Nor is it to be doubted but this author's friends would have been equally careful to keep him from harm, if ever his principles had taken too strong a hold of him.

It is probable the "Treatise of Human Nature" was not written in company; yet it contains manifest indications that the author every now and then relapsed into the faith of the vulgar, and could hardly, for half a dozen pages, keep up the sceptical character.

În like manner the great Pyrrho himself forgot his principles on some ocasions; and is said once to have been in such a passion with his cook, who probably had not roasted his dinner to his mind, that with the spit in his hand, and the meat upon it, he pursued him even into the market-place.

It is a bold philosophy that rejects, without ceremony, principles which irresistibly govern the belief and the conduct of all mankind in the common concerns of life; and to which the philosopher himself must yield, after he imagines he hath confuted them. Such principles are older, and of more authority, than philosophy: she rests upon them as her basis, not they upon her.* If she could overturn them, she must be buried in their ruins ; but all the engines of philosophical subtlety are too weak for this purpose; and the attempt is no less ridiculous than if a mechanic should contrive an axis in peritrochio to remove the earth out of its place; or if a mathematician should pretend to demonstrate that things equal to the same thing are not equal to one another.

Zeno endeavoured to demonstrate the impossibility of motion; Hobbes, that there was no difference between right and wrong; and this author, that no credit is to be given to our senses, to our memory, or even to demonstration. Such philosophy is justly ridiculous, even to those who cannot detect the fallacy of it. It can have no other tendency than to show the acuteness of the sophist, at the expense of disgracing reason and human nature, and making mankind yahoos.

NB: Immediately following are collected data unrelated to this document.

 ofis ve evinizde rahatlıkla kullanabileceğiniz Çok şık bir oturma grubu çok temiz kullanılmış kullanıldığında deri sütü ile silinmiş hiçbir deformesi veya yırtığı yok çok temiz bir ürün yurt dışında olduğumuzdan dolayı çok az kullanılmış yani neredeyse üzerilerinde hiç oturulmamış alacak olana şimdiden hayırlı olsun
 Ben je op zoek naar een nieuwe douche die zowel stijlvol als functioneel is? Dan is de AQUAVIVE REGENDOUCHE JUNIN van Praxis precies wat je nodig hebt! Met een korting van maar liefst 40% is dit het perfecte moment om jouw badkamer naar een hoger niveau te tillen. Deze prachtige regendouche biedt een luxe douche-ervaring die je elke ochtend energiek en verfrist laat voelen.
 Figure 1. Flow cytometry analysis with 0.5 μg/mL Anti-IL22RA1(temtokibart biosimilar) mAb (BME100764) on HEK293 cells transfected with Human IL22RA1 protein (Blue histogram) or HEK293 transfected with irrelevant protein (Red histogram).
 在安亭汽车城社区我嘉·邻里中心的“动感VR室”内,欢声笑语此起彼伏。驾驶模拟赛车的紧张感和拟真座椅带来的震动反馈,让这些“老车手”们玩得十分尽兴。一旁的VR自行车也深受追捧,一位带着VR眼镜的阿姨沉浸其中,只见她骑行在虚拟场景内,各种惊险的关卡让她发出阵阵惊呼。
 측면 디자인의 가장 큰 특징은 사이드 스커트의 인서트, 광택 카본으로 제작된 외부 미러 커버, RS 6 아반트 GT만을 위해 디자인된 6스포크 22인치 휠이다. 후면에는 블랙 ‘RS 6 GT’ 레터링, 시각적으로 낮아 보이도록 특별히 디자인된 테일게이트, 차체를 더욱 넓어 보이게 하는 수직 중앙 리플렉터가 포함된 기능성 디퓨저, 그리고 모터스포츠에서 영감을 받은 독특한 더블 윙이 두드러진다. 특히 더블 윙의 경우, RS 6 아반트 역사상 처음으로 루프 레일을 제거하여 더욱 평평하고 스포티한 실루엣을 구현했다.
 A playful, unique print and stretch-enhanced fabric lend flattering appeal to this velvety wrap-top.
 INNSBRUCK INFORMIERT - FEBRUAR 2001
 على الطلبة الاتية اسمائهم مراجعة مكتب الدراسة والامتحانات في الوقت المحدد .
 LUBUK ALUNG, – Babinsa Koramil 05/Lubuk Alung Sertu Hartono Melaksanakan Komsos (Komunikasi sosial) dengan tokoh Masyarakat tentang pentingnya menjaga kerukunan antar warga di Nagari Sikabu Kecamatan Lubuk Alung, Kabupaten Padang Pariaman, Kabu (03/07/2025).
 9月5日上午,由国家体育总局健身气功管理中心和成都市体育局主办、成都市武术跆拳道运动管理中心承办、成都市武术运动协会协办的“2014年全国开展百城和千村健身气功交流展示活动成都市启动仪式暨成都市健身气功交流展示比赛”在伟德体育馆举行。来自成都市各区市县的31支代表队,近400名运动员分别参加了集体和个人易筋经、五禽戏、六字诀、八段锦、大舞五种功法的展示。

VI. Of the "Treatise of Human Nature."-There are other prejudices against this system of human nature, which even upon a general view, may make one diffident of it.

Des Cartes, Hobbes, and this author, have each of them given us a system of human nature; an undertaking too vast for any one man, how great soever his genius and abilities may be. There must surely be reason to apprehend, that many parts of human nature never came under their observation; and that others have been stretched and distorted, to fill up blanks, and complete the system. Christopher Columbus, or Sebastian Cabot, might almost as reasonably have undertaken to give us a complete map of America.

* Vide p. 406.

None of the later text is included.